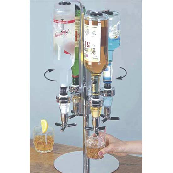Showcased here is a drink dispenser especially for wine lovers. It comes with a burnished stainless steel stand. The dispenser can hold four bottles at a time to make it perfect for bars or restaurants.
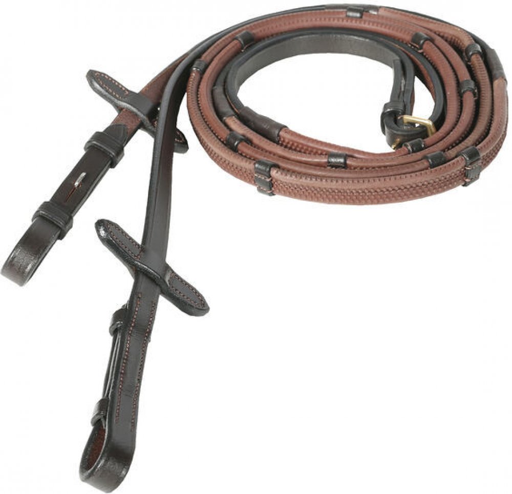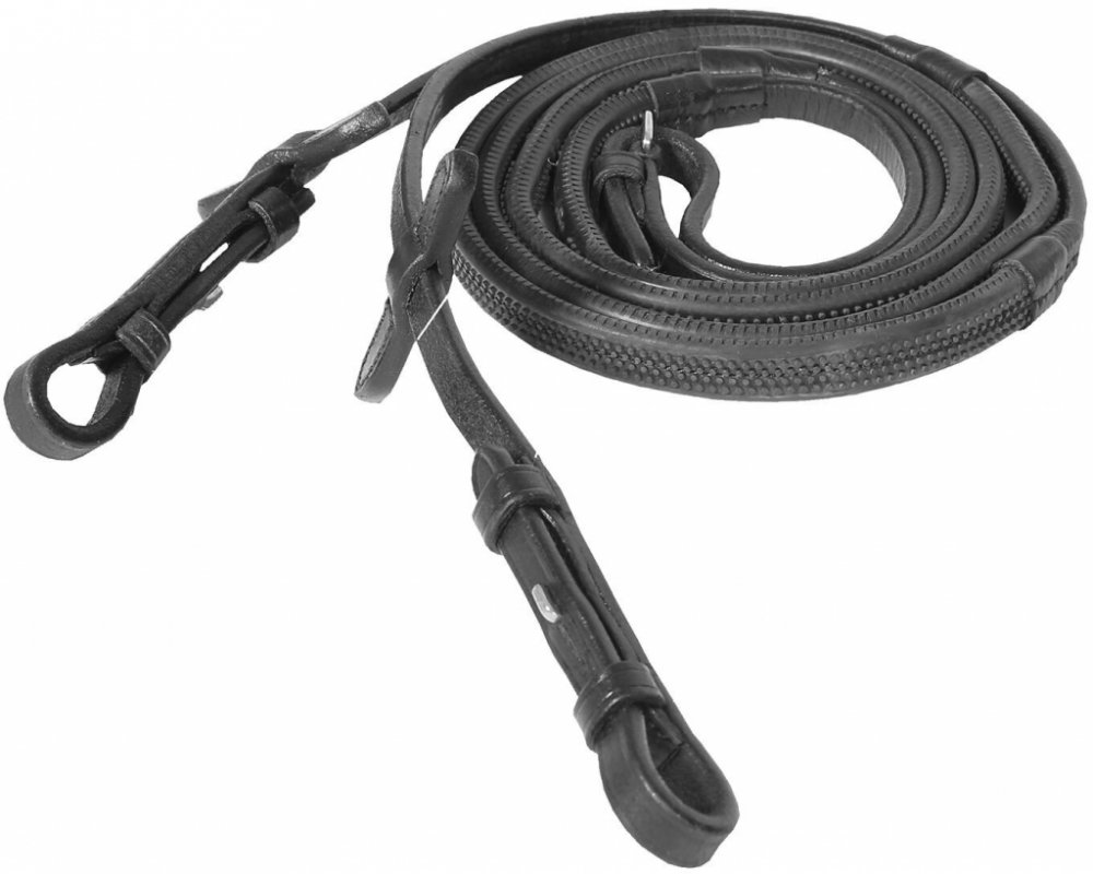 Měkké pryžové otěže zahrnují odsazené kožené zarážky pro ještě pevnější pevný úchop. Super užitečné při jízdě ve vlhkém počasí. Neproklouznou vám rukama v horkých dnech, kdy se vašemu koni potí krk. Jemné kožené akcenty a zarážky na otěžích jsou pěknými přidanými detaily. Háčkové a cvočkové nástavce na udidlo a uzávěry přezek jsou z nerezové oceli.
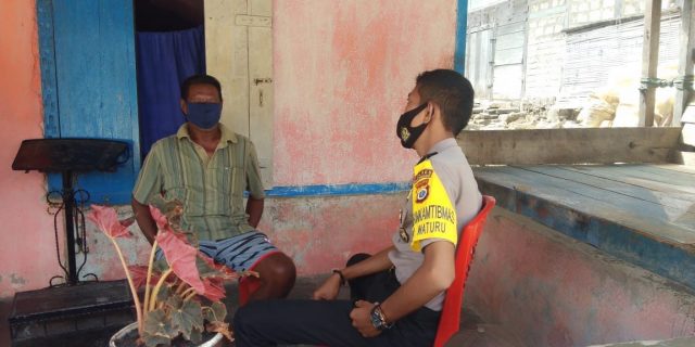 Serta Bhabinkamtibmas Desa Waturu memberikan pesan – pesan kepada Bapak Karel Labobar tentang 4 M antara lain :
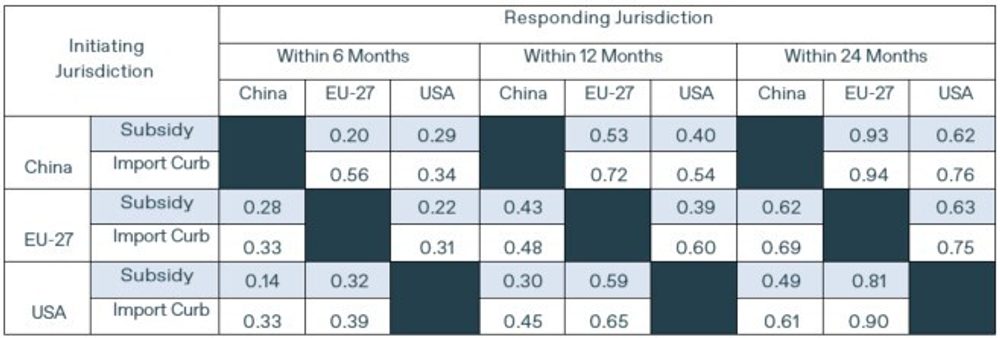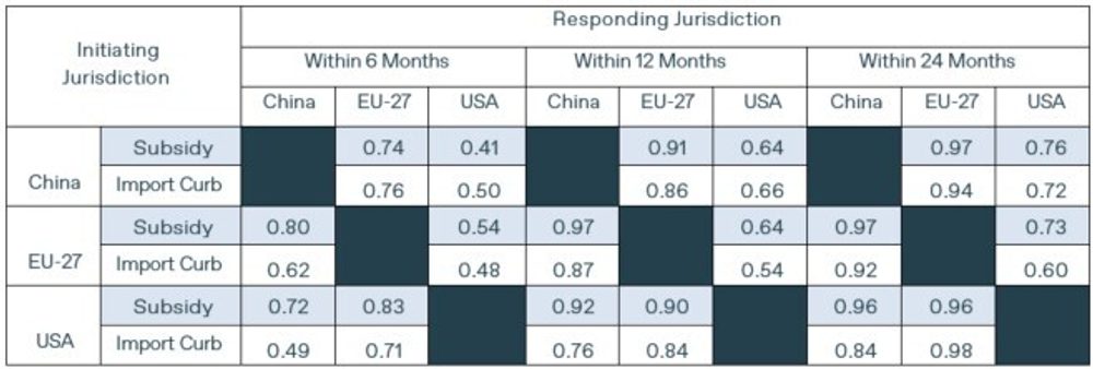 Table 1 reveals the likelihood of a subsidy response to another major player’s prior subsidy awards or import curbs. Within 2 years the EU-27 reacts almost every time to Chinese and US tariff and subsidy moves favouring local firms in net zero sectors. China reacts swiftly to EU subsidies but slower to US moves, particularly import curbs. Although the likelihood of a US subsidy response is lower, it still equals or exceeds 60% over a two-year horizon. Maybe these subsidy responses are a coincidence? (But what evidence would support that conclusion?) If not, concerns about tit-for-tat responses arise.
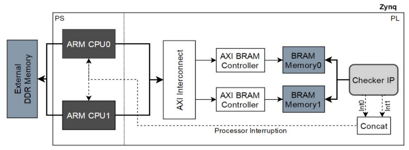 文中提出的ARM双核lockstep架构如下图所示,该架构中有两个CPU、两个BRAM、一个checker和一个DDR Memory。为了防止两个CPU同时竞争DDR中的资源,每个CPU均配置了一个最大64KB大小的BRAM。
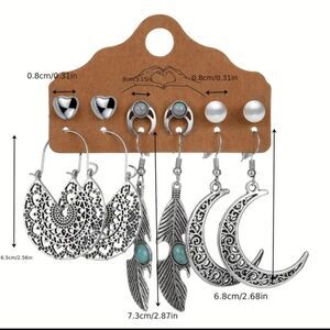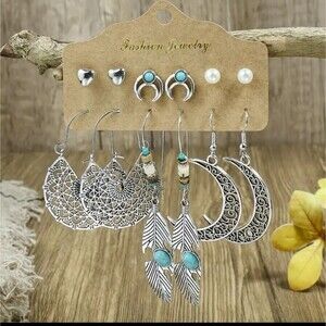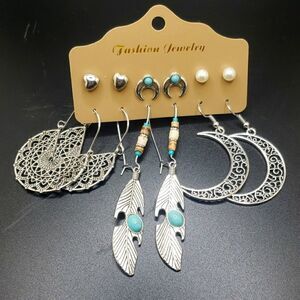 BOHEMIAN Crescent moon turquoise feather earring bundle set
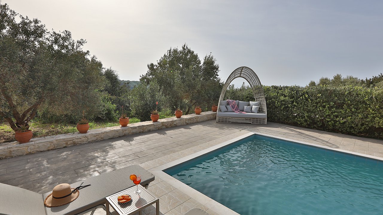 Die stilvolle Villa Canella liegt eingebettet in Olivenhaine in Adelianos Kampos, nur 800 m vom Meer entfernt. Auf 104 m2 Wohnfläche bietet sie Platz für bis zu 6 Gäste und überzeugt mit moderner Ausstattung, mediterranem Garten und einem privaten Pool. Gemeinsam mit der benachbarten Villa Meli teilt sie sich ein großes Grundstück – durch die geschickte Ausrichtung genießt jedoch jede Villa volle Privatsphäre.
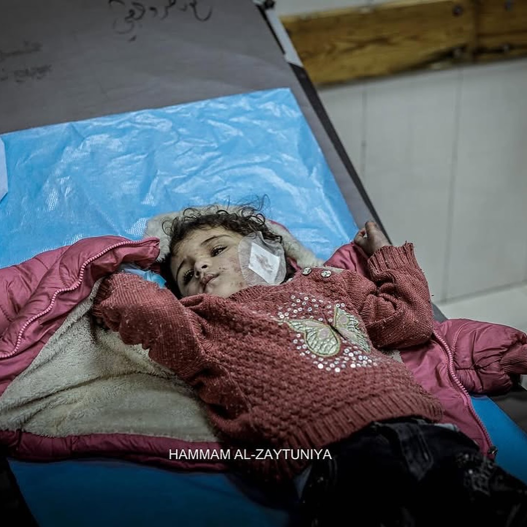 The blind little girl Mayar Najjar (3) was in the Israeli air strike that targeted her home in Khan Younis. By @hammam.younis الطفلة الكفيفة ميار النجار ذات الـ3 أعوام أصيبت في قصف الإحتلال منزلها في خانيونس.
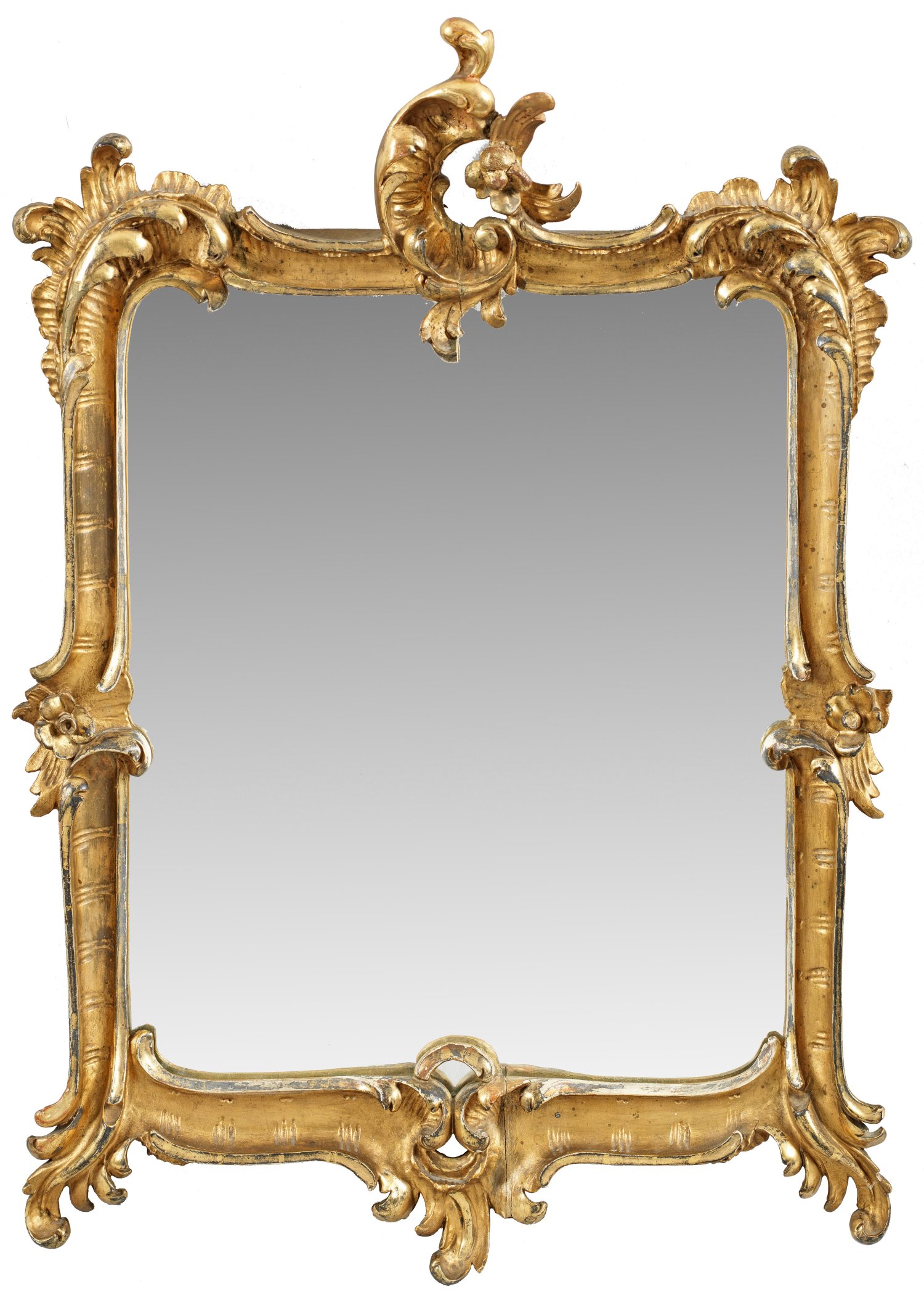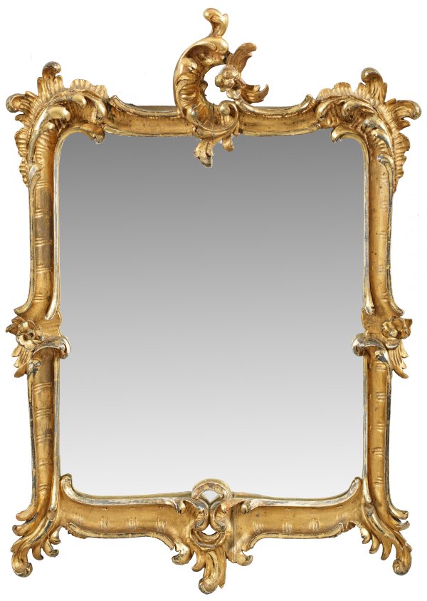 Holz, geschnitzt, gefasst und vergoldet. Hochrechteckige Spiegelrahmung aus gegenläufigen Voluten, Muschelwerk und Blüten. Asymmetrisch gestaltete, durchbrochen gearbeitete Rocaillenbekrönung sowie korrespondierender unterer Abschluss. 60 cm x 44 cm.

Exercise> Please reproduce every entry above exactly, but leave out the pictures.

Reply>
Showcased here is a drink dispenser especially for wine lovers. It comes with a burnished stainless steel stand. The dispenser can hold four bottles at a time to make it perfect for bars or restaurants.
 Měkké pryžové otěže zahrnují odsazené kožené zarážky pro ještě pevnější pevný úchop. Super užitečné při jízdě ve vlhkém počasí. Neproklouznou vám rukama v horkých dnech, kdy se vašemu koni potí krk. Jemné kožené akcenty a zarážky na otěžích jsou pěknými přidanými detaily. Háčkové a cvočkové nástavce na udidlo a uzávěry přezek jsou z nerezové oceli.
 Serta Bhabinkamtibmas Desa Waturu memberikan pesan – pesan kepada Bapak Karel Labobar tentang 4 M antara lain :
 Table 1 reveals the likelihood of a subsidy response to another major player’s prior subsidy awards or import curbs. Within 2 years the EU-27 reacts almost every time to Chinese and US tariff and subsidy moves favouring local firms in net zero sectors. China reacts swiftly to EU subsidies but slower to US moves, particularly import curbs. Although the likelihood of a US subsidy response is lower, it still equals or exceeds 60% over a two-year horizon. Maybe these subsidy responses are a coincidence? (But what evidence would support that conclusion?) If not, concerns about tit-for-tat responses arise.
 文中提出的ARM双核lockstep架构如下图所示,该架构中有两个CPU、两个BRAM、一个checker和一个DDR Memory。为了防止两个CPU同时竞争DDR中的资源,每个CPU均配置了一个最大64KB大小的BRAM。
 BOHEMIAN Crescent moon turquoise feather earring bundle set
 Die stilvolle Villa Canella liegt eingebettet in Olivenhaine in Adelianos Kampos, nur 800 m vom Meer entfernt. Auf 104 m2 Wohnfläche bietet sie Platz für bis zu 6 Gäste und überzeugt mit moderner Ausstattung, mediterranem Garten und einem privaten Pool. Gemeinsam mit der benachbarten Villa Meli teilt sie sich ein großes Grundstück – durch die geschickte Ausrichtung genießt jedoch jede Villa volle Privatsphäre.
 The blind little girl Mayar Najjar (3) was in the Israeli air strike that targeted her home in Khan Younis. By @hammam.younis الطفلة الكفيفة ميار النجار ذات الـ3 أعوام أصيبت في قصف الإحتلال منزلها في خانيونس.
 Holz, geschnitzt, gefasst und vergoldet. Hochrechteckige Spiegelrahmung aus gegenläufigen Voluten, Muschelwerk und Blüten. Asymmetrisch gestaltete, durchbrochen gearbeitete Rocaillenbekrönung sowie korrespondierender unterer Abschluss. 60 cm x 44 cm.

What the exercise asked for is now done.